The Student Room Group

Should a law be introduced obliging companies to advertise jobs at Job Centres?

I'm sick of people being given jobs because they happened to know someone who works at the company, without the job vacancy ever being advertised to the public. It doesn't seem right. Should companies be made to advertise all of their vacancies primarily through the Job Centre so that all job seekers have the opportunity of applying?
Reply 1
I think there should be a law obliging people from making stupid suggestions.
Reply 2
No.

And why would going jobs to regular unemployed people and not those unemployed people who happen to know someone at the company make any difference to anything?

I think you should network to know more people to help get you a job. You need to have contacts to get anywhere in this world.
It's more about who you know than what you know.

And you can't force an independent business to do something like this. It wouldn't work.
Reply 4
i can see your point, but its a complicated process plus wasting money and time, its quicker to employ inner contacts rather than outside and as been told cheaper, sadly its a tough world out there, a toughie
Reply 5
It's not what you know, but who you know. If you are part of Labour Councillor Mary Rimmer's family, you will be guaranteed a job at the council. It's all kept in the family. I guess that many companies operate like this.

That's capitalism for you.
Original post by Bookmark
I'm sick of people being given jobs because they happened to know someone who works at the company, without the job vacancy ever being advertised to the public. It doesn't seem right. Should companies be made to advertise all of their vacancies primarily through the Job Centre so that all job seekers have the opportunity of applying?

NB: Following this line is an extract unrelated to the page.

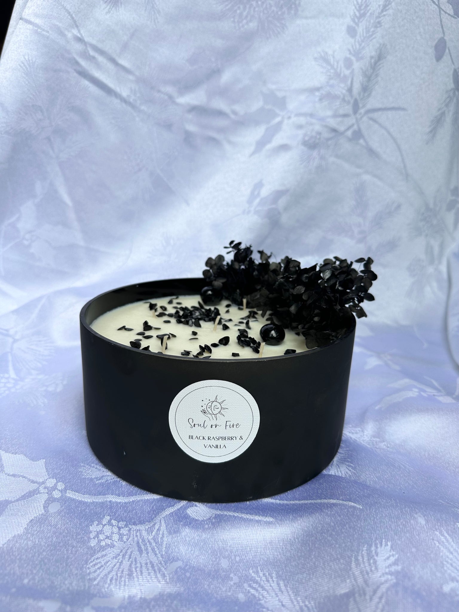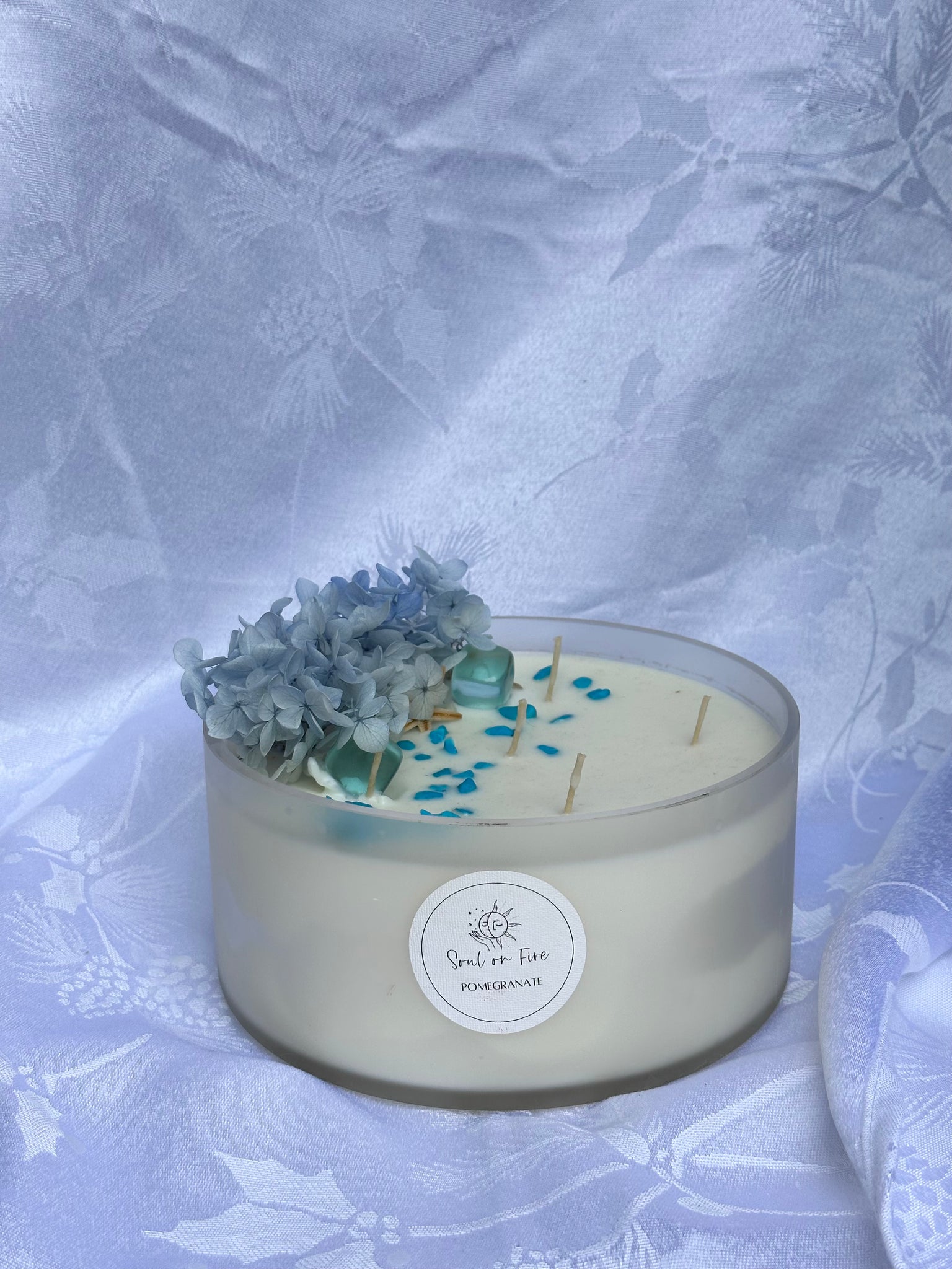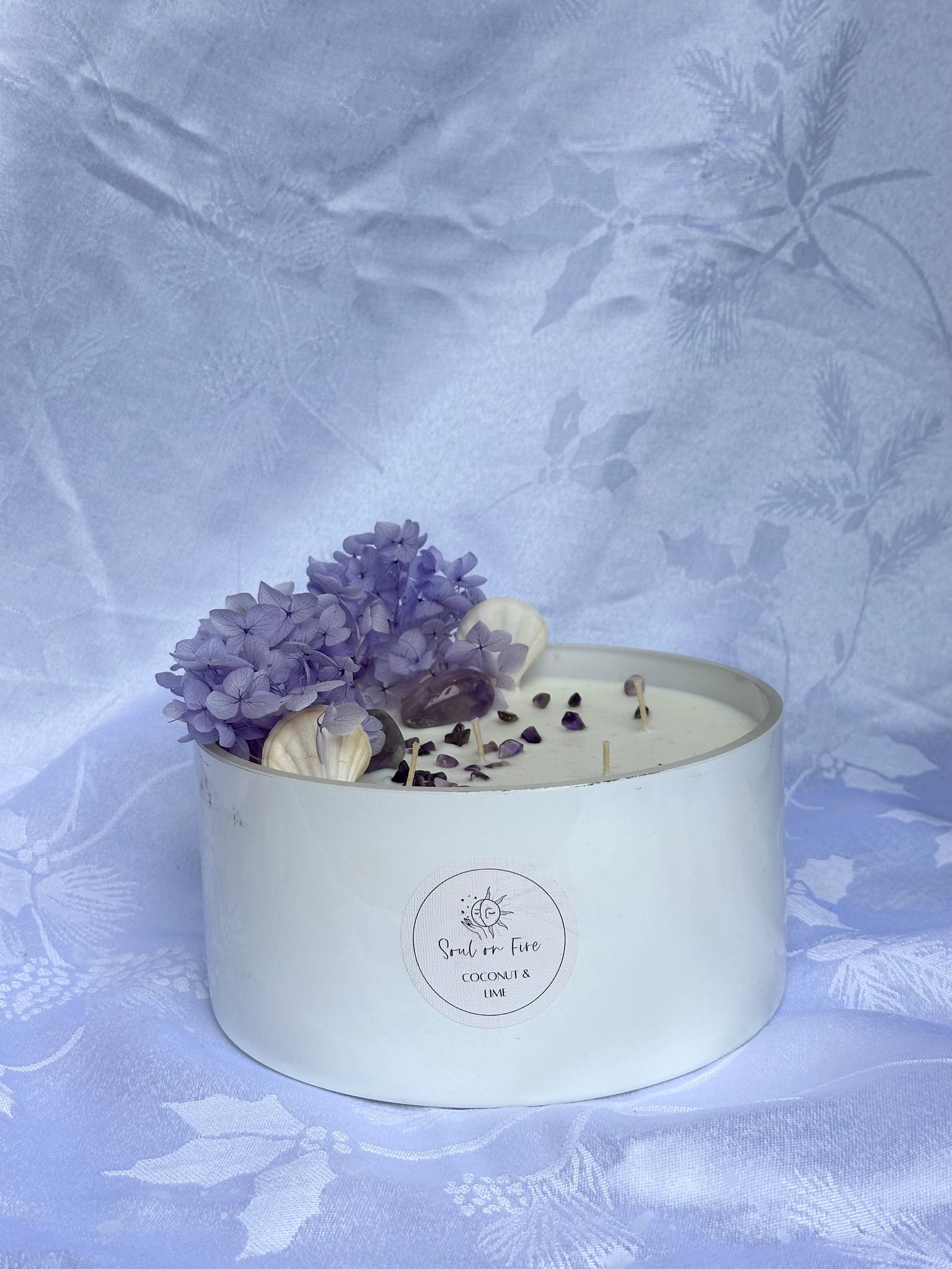 The ultimate statement piece. Our candle bowls hold a generous 1.7kg of soy wax, 6 wicks having a burn time of 150+ hours. These are hand poured and hand decorated with crystals and dried botanicals.

It's called external recruitment. Or so we've learnt in business.
Reply 7
Why does everyone think legislation solves everything?

Over-regulating businesses will drive them out of the country.
Human nature is human nature. People favour those they know over those they don't.
Original post by Martyn*
It's not what you know, but who you know. If you are part of Labour Councillor Mary Rimmer's family, you will be guaranteed a job at the council. It's all kept in the family. I guess that many companies operate like this.

That's capitalism for you.


That's a terrible example.
Reply 10
At the end of the day, a company isn't a democratic institution but an independent entity. Philosophically it'd be wrong to force them to hire in a certain way just the same as it would be wrong to force you to marry a random person.

I think there are bigger problems in that job centre adverts are an absolute joke as it is. Employment agencies are like misanthropic mid-level drug dealers: taking the original brief, cutting it with their own special cryptic bull**** and revealing as little about the job as possible. The job may or may not exist, but might just be a feeler.
Anyway, without sounding like a snob, job centres tend to be frequented by those who are being forced to look for work - less skills, less motivation to work - an employer is less likely to want this.

Obviously this is a total generalisation and I don't mean to say that there aren't many unfortunate people who have lost their jobs through no fault of their own and are seeking employment through a job centre.
I have recently had to use the job centre to find a job and found them useless, none of the jobs they had were relevant to me. I got off my a**e and looked myself, I searched websites, asked friends/ family, asked in shops, sent out random cvs and I managed to get a Xmas temp job.

So my answer is No they should not be forced to advertise with the job centre, a lot of companies do employ people internally and never advertise, that is up to them. At the end of the day if you really want a job you won't rely on the job centre you will do what I have and what no doubt many others have done and looked in a variety of places.
I would have thought it was an employer's prerogative to be able to hire people they actually know and trust in preference to random people off the street. They'd then open their job to the public after failing to find such a person.

Plus, advertising at a job centre costs a lot of time and money. People at the JobCentre apply to all sorts of jobs without really researching the role, making sure that they're actually experienced and qualified for the job being advertised etc. It's usually the first port of call for people who are struggling to find work, rather than those who naturally fit a certain role. It just means that a lot of people who clearly aren't going to get the job end up applying to it anyway. And then the employer has to pointlessly go through all these CVs.

The very best applicants probably haven't been anywhere near a JobCentre, so companies offering very highly skilled jobs will be wasting their time there. And it would be wasting the applicants' time too. It's highly unlikely that the ideal candidates would have been applying at the JobCentre, and therefore unlikely that JobCentre applicants will get hired anyway.

It's a lot more efficient for say, an accountancy job to only be subtly advertised in an accountancy circle, or in journals and newsletters which are specifically targeted towards people in the industry. Rather than advertising a job to the whole country, it saves so much effort to only advertise to people who stand a chance of getting that job. Particularly if it's a competitive one, they can afford to make the applicant search for them, rather than them searching for the applicant.

If say, an Investment Bank or Consultancy Firm started advertising at the JobCentre, it would be more of a formality than anything. I reckon it would result in pretty much no hirings, but lot of paperwork.